EXERCISE DIRECTIONS: Please make an exact copy of the lines from the one holding "Shenzhen Antuo Hill" through the end of the data, both ends included, with no pictures.

──────── INPUT DATA ────────

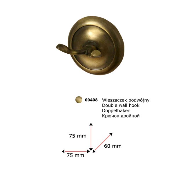 Крючок двойной. Крепится к стене шурупами. Произведено из цинкоалюминиевого сплава с покрытием цвета античной латуни._x000D_ _x000D_ Производство: Польша
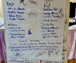 Plus de 70 participants* s'étaient inscrits à la conférence stratégique et ont travaillé tout un week-end sur des objectifs communs et sur les tâches à accomplir pour la protection de la nature et de l'environnement dans le nord-ouest de la Tunisie. A la fin de la conférence stratégique, une charte du réseau ainsi qu'une vision commune ont été formulées et signées par 45 ONG en tant que membres fondateurs.
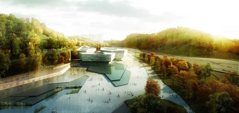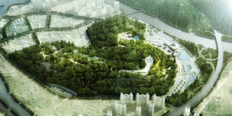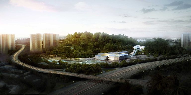 Shenzhen Antuo Hill exists as a quarry and the ecological environment has been severely damaged as a result. New environmental remedies plan to develop this area into a rich, modern center for culture and livelihood.
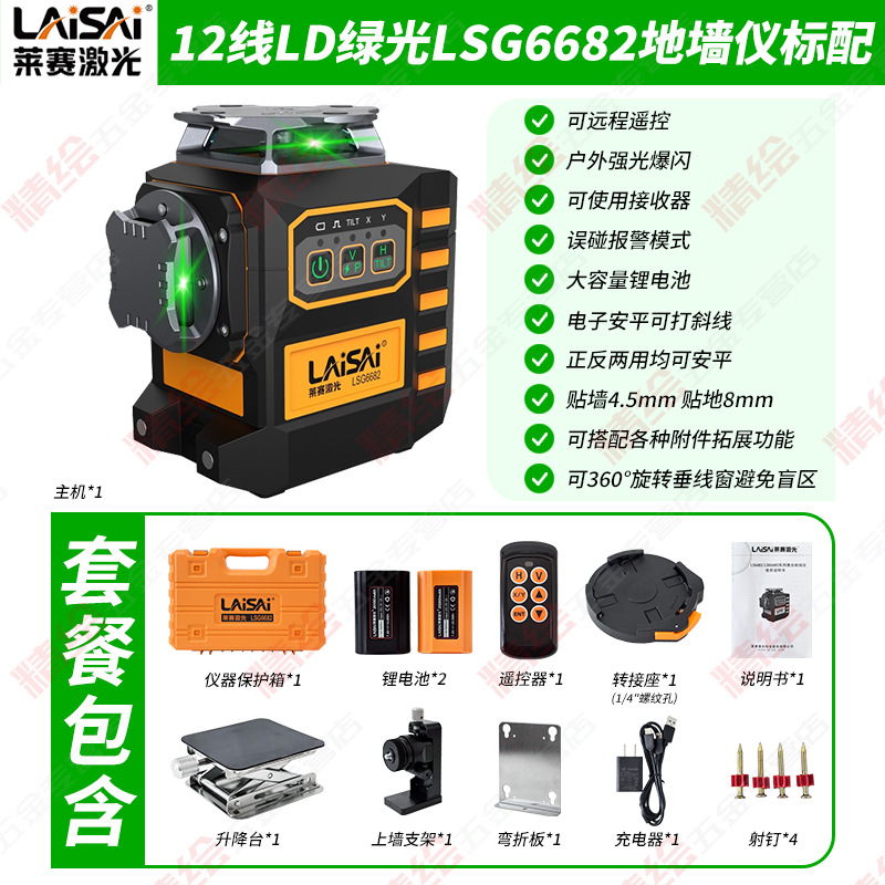 莱赛12线LD红绿光水平仪LSG6682贴地贴墙高精度电子调平爆闪锂电

────────

RESULT OF THIS EXERCISE:
 Shenzhen Antuo Hill exists as a quarry and the ecological environment has been severely damaged as a result. New environmental remedies plan to develop this area into a rich, modern center for culture and livelihood.
 莱赛12线LD红绿光水平仪LSG6682贴地贴墙高精度电子调平爆闪锂电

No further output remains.